| The task |
Write out the data word for word and drop any picture you find.

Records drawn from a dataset
____
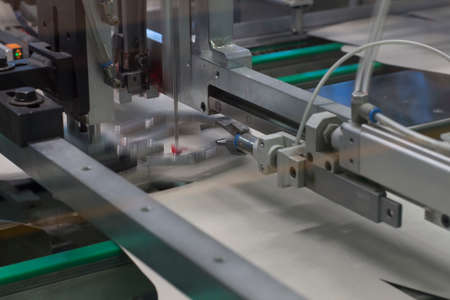 Close up detail of cartographic industrial machinery at work in a production line, conveyor belts are visible, no people are present.
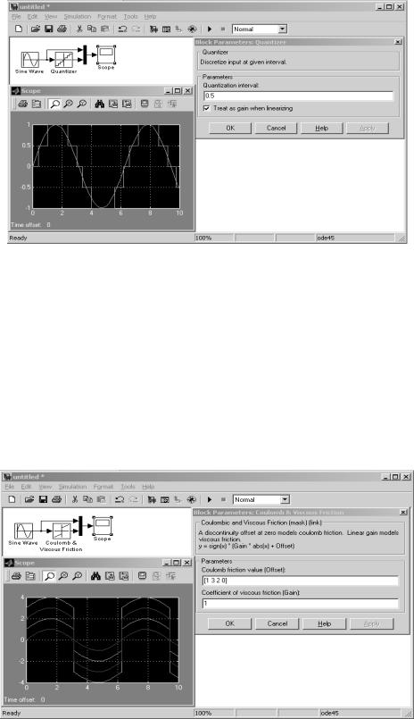 Блок фрикционных эффектов Coulombic and Viscous Friction служит для моделирования фрикционных эффектов (рис. 8.10). Передаточная функция блока указана в окне установки его параметров.
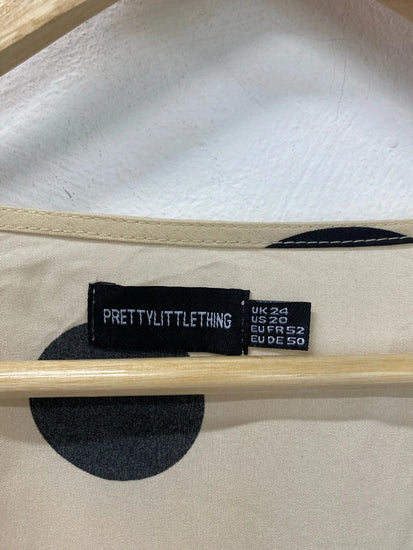Pretty Little Thing Stunning Beige & Black Polka Dot Wrap Dress UK 24. A gorgeous dress that’s perfect for a boozy brunch with the girls, a cocktail party, and more!
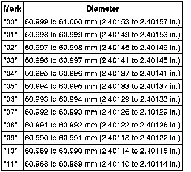 60.988 to 61.000 mm (2.4011 to 2.4016 in.)
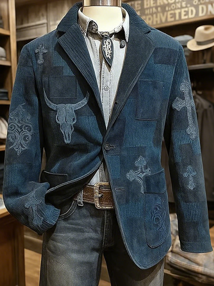 Men's Retro Bull Head And Cross Denim Graphic Corduroy Blazer
____
| Written solution |
 Close up detail of cartographic industrial machinery at work in a production line, conveyor belts are visible, no people are present.
 Блок фрикционных эффектов Coulombic and Viscous Friction служит для моделирования фрикционных эффектов (рис. 8.10). Передаточная функция блока указана в окне установки его параметров.
Pretty Little Thing Stunning Beige & Black Polka Dot Wrap Dress UK 24. A gorgeous dress that’s perfect for a boozy brunch with the girls, a cocktail party, and more!
 60.988 to 61.000 mm (2.4011 to 2.4016 in.)
 Men's Retro Bull Head And Cross Denim Graphic Corduroy Blazer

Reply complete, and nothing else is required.